### Supplied data ###

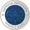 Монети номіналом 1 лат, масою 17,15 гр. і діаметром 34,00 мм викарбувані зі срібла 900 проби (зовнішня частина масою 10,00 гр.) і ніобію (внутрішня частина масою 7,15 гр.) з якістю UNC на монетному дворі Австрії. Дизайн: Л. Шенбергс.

###
### Supplied data ###

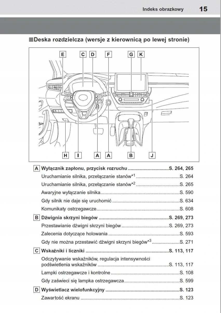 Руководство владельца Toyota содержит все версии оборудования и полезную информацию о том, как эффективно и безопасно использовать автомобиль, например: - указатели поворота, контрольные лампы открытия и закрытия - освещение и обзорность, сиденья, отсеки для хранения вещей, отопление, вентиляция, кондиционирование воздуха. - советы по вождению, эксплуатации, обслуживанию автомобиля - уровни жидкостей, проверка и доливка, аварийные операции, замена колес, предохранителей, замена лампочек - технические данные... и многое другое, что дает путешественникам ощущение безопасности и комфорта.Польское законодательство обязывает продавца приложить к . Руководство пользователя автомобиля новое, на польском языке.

###
### Supplied data ###

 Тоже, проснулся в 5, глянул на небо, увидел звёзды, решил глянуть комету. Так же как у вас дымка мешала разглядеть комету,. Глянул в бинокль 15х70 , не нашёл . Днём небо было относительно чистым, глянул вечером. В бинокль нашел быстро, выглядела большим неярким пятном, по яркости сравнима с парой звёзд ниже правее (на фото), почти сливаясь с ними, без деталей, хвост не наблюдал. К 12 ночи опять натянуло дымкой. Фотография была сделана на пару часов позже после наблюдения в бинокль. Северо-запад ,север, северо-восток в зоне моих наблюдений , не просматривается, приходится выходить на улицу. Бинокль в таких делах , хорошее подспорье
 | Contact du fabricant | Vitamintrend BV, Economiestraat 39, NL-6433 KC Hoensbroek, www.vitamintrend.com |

###

Work order:
From the material above, set down exactly the lines starting at the one with "Тоже, проснулся в" and ending at the one with "Hoensbroek, www.vitamintrend.com |", end lines included.

Response to this exercise:
 Тоже, проснулся в 5, глянул на небо, увидел звёзды, решил глянуть комету. Так же как у вас дымка мешала разглядеть комету,. Глянул в бинокль 15х70 , не нашёл . Днём небо было относительно чистым, глянул вечером. В бинокль нашел быстро, выглядела большим неярким пятном, по яркости сравнима с парой звёзд ниже правее (на фото), почти сливаясь с ними, без деталей, хвост не наблюдал. К 12 ночи опять натянуло дымкой. Фотография была сделана на пару часов позже после наблюдения в бинокль. Северо-запад ,север, северо-восток в зоне моих наблюдений , не просматривается, приходится выходить на улицу. Бинокль в таких делах , хорошее подспорье
 | Contact du fabricant | Vitamintrend BV, Economiestraat 39, NL-6433 KC Hoensbroek, www.vitamintrend.com |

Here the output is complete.